CiremaiNews.com, Cirebon,- Sebagai tahapan krusial menjelang pemilihan umum, Panitia Pengawas Pemilu Kecamatan (Panwascam) Pabuaran, Kabupaten Cirebon, telah menggelar Bimbingan Teknis (Bimtek) pemungutan dan penghitungan suara (tungsura).
Dalam kesempatan tersebut, Ketua Panwascam Pabuaran, Sutisno, menekankan pentingnya kewaspadaan Pengawas Tempat Pemungutan Suara (PTPS) terhadap potensi kecurangan.
“Tahapan pungut-hitung (tungsura) merupakan titik akhir dalam proses penyelenggaraan pemilu. Kita perlu memahami betapa krusialnya peran kita dalam mencegah dan menangani pelanggaran,” ungkapnya pada Minggu (11/2/2024).
Sutisno menegaskan perlunya identifikasi kerawanan secara cepat guna memastikan efektivitas upaya pencegahan. Dia juga menekankan pentingnya memberikan informasi, bimbingan, dan respon yang memadai kepada PTPS di lapangan.

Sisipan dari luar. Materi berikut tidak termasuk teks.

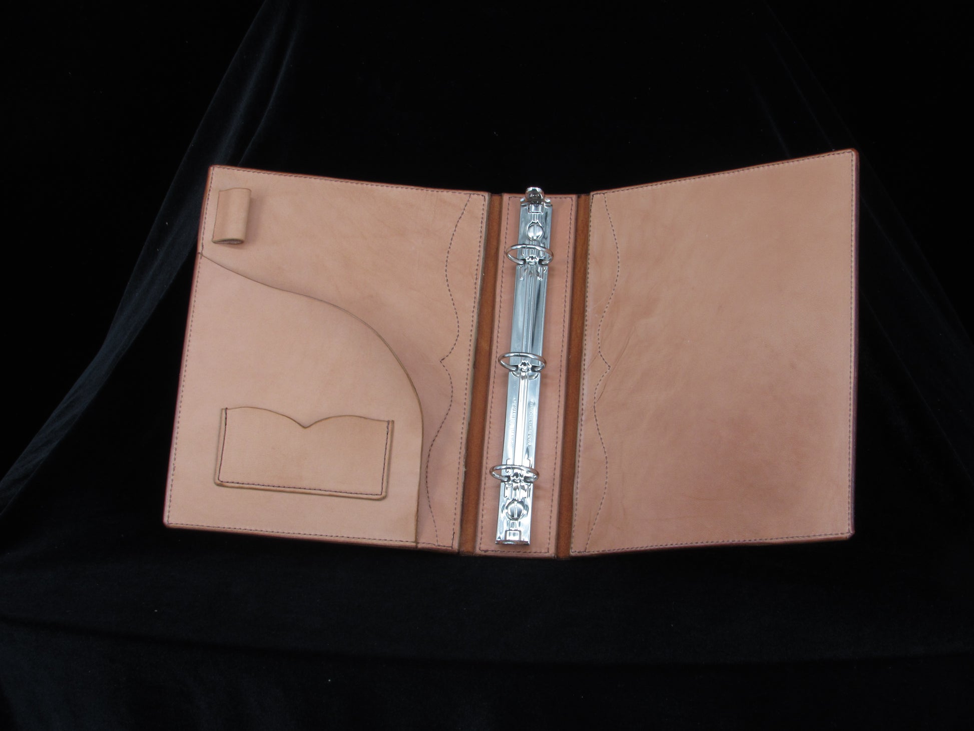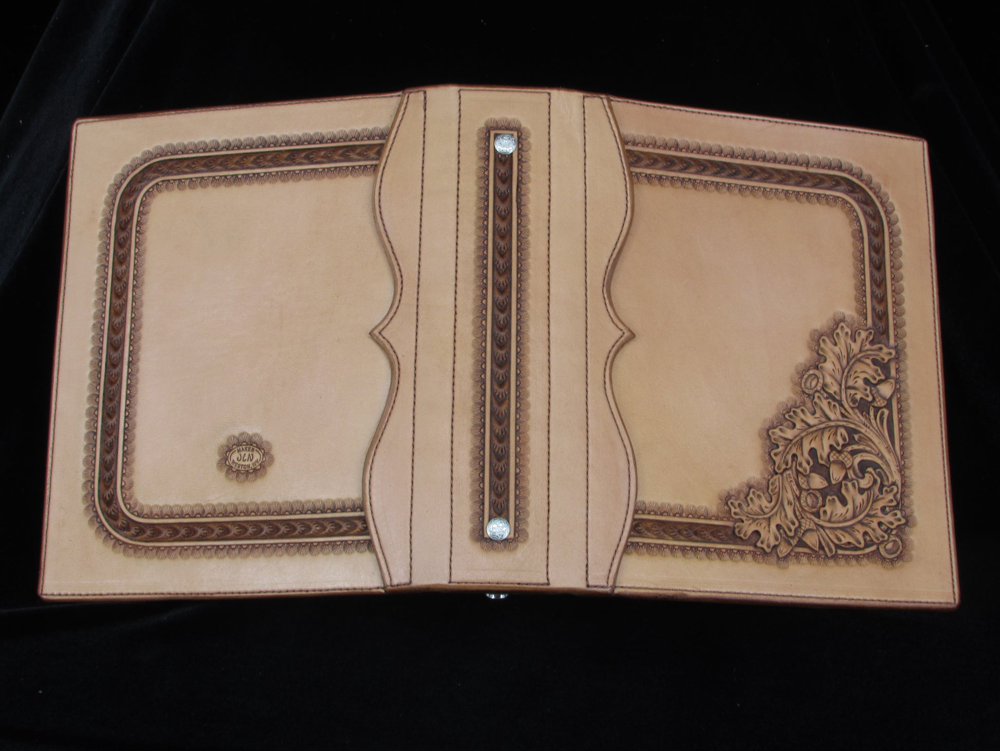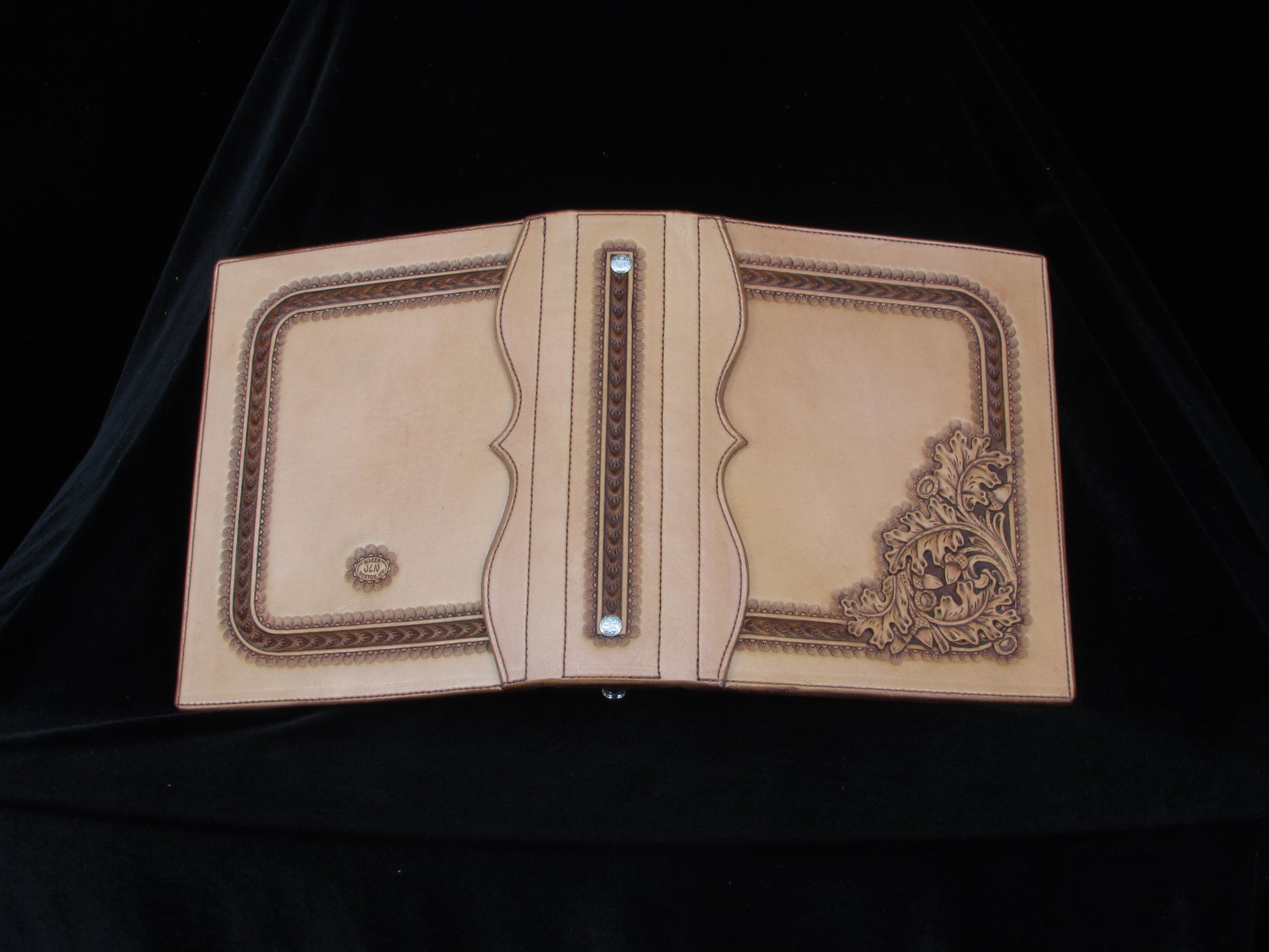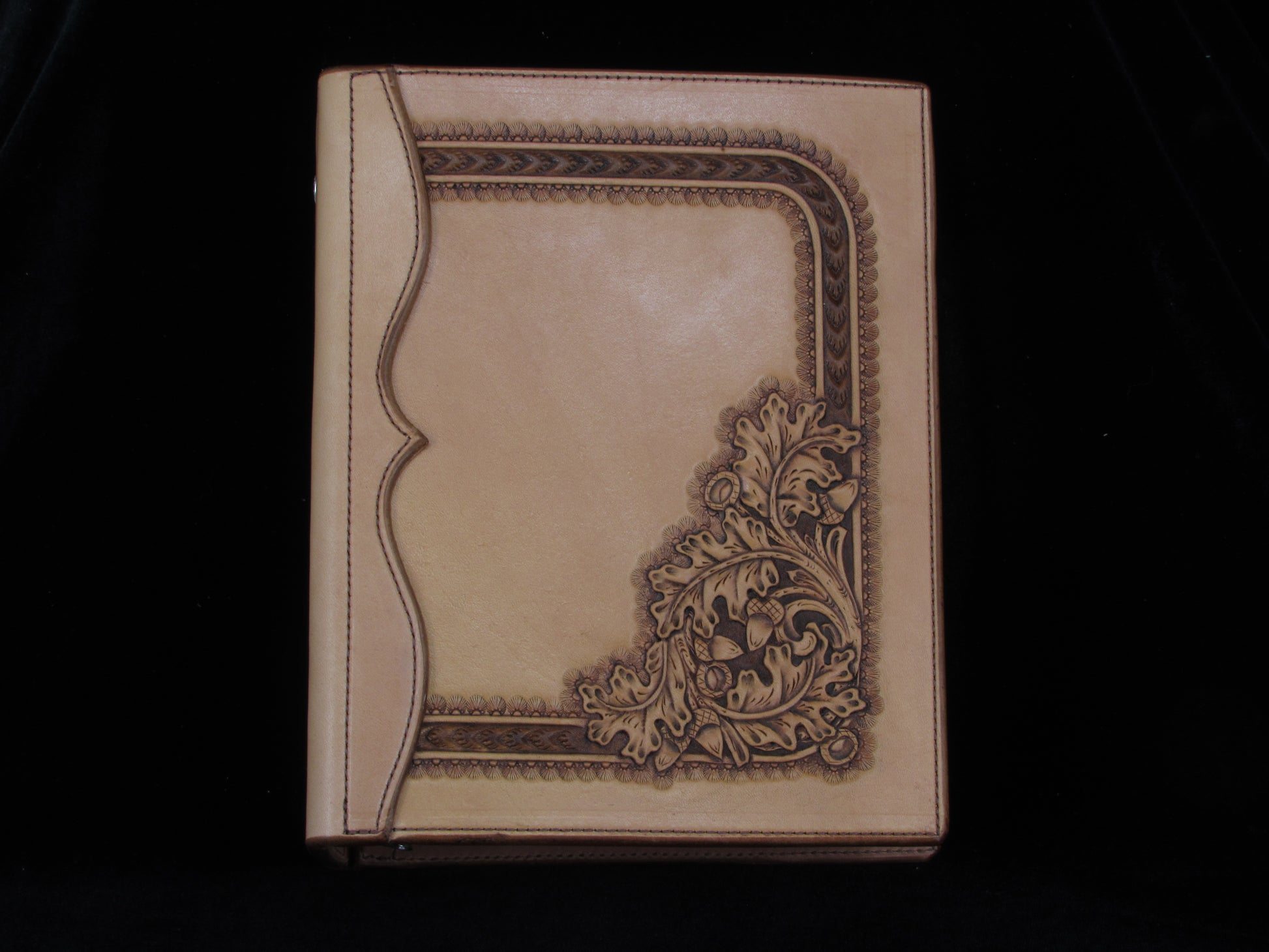 Experience quality and style with our Small 3 Ring Binder. Crafted with expert hand-tooling, this mini binder showcases a unique oak leaf corner design and a running wheat border. It's perfect for 5 1/2" x 8 1/2" pages on 1" round rings, and includes a pen loop, business card pocket, and flap pocket for added convenience. Elevate your organization game today.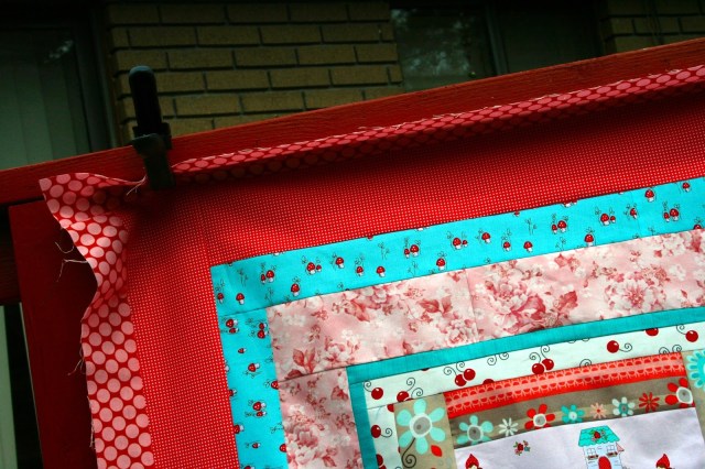 My ex husband’s niece is having a baby. She isn’t sure what the gender of the baby is yet, but every time I think of her and the pregnancy I see a little girl. I started this quilt with that instinct in mind. Inspired by this quilt by Malka Dubrawsky. Looking back and comparing the two, it seems hers has more layers but I’m still enjoying my version.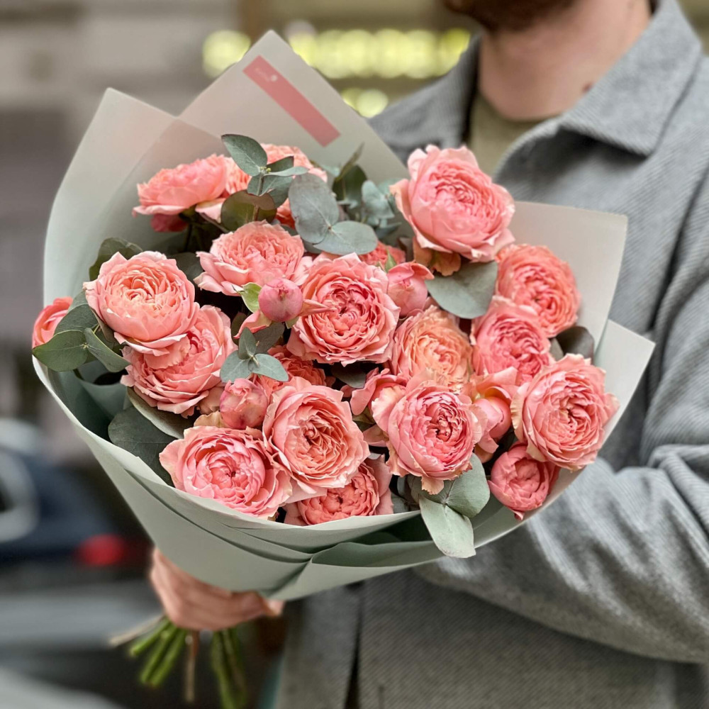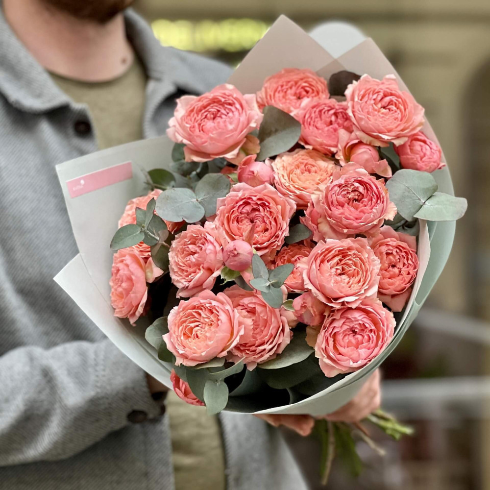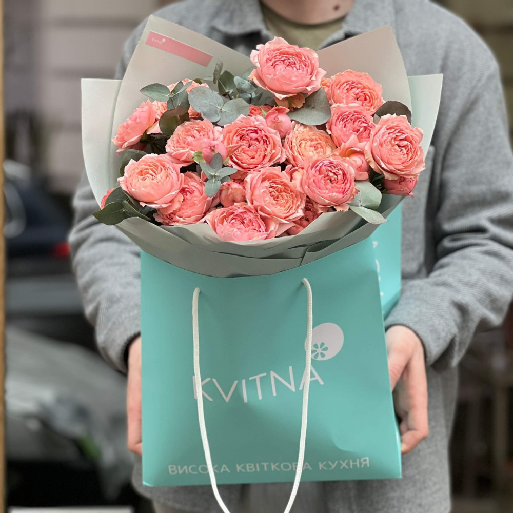 - Як замовити Чудовий букет із 7 гілок кущової піоновидної троянди Джульєтта та евкаліпту «Персикова насолода»? ❯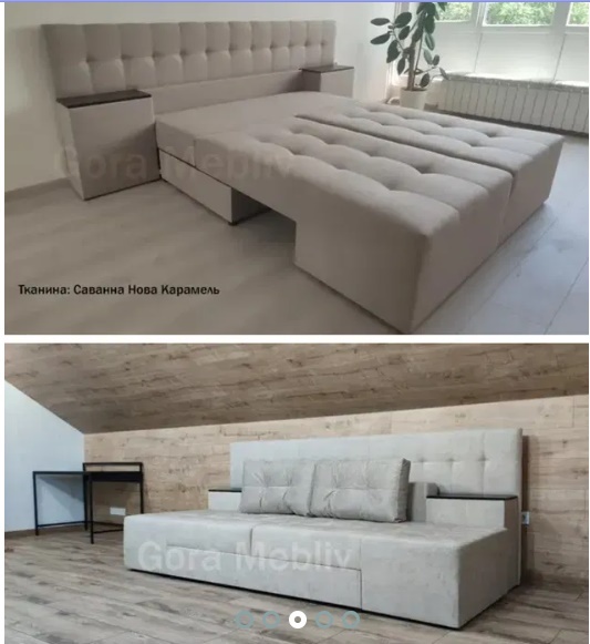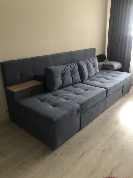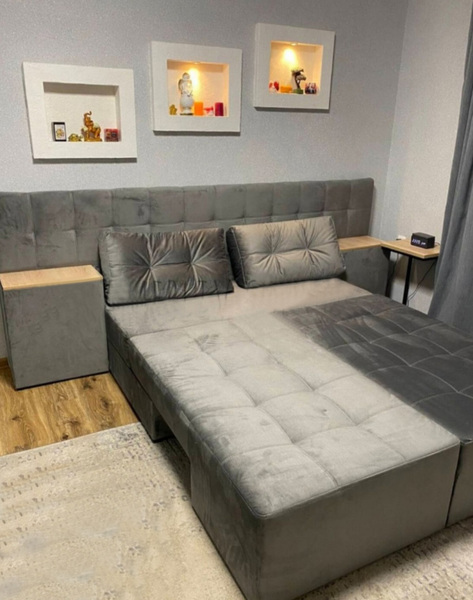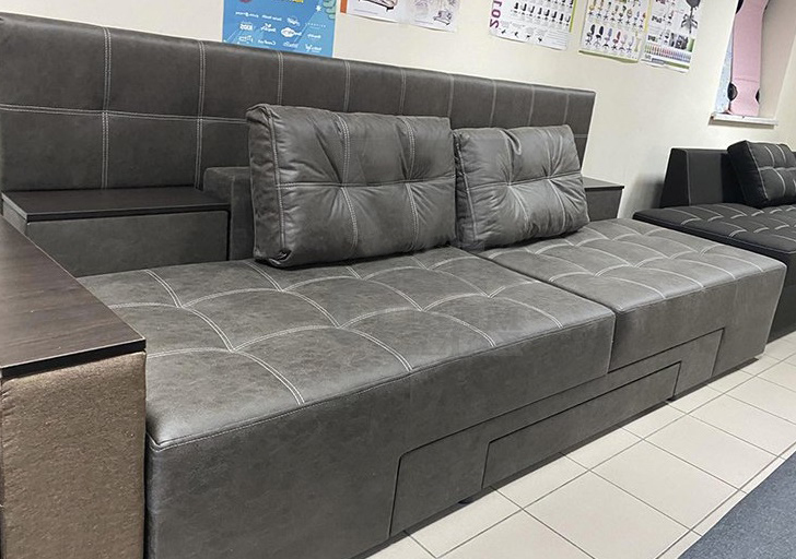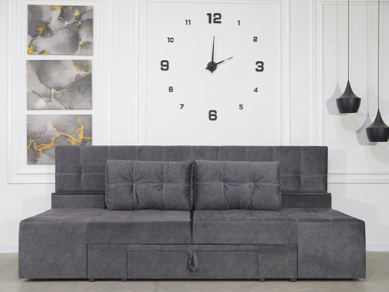 Диван має кілька положень трансформації, що перетворюють на прямий диван, кутовий диван та двоспальне ліжко.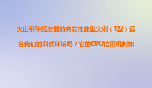 2025-11-08火山引擎突發(fā)性能型實(shí)例(T型)在測(cè)試環(huán)境中的適用性及CPU信用機(jī)制解析 一、突發(fā)性能型實(shí)例(T型)簡(jiǎn)介 突發(fā)性能型實(shí)例(T型)是火山引擎(VolcanoEngine)推出的一種經(jīng)濟(jì)高效的云服務(wù)器類(lèi)型,特別適合對(duì)...

“PTPS memiliki tanggung jawab besar, terutama dalam jangka waktu yang singkat. Koordinasi aktif antara petugas KPU dengan PTPS, PKD, serta Panwascam mutlak diperlukan,” tambahnya.
Pentingnya koordinasi aktif tersebut, menurut Sutisno, juga berlaku antara petugas KPU (KPPS) dengan PTPS. “Kita harus menyelesaikan (proses rekapitulasi) hingga larut malam jika perlu, asal semua selesai di tingkat KPPS.” ujarnya.
Dia menegaskan agar tidak menunggu atau memperpanjang waktu penghitungan di tingkat kecamatan. “Hal ini bisa sangat melelahkan, terutama jika proses penghitungan dilakukan setelah kotak suara dibuka. Kami percaya, setiap masalah dapat diselesaikan melalui komunikasi yang baik,” tandasnya.
Tambahnya ia juga menegaskan bahwa jika ada pengawas pemilu yang tidak melaksanakan tugasnya dengan baik, hal tersebut harus dilaporkan ke Bawaslu.
” Kami akan terus melakukan evaluasi terhadap proses pemantauan. Mari kita selesaikan semua masalah dengan tertib administrasi,” pungkasnya.effendi.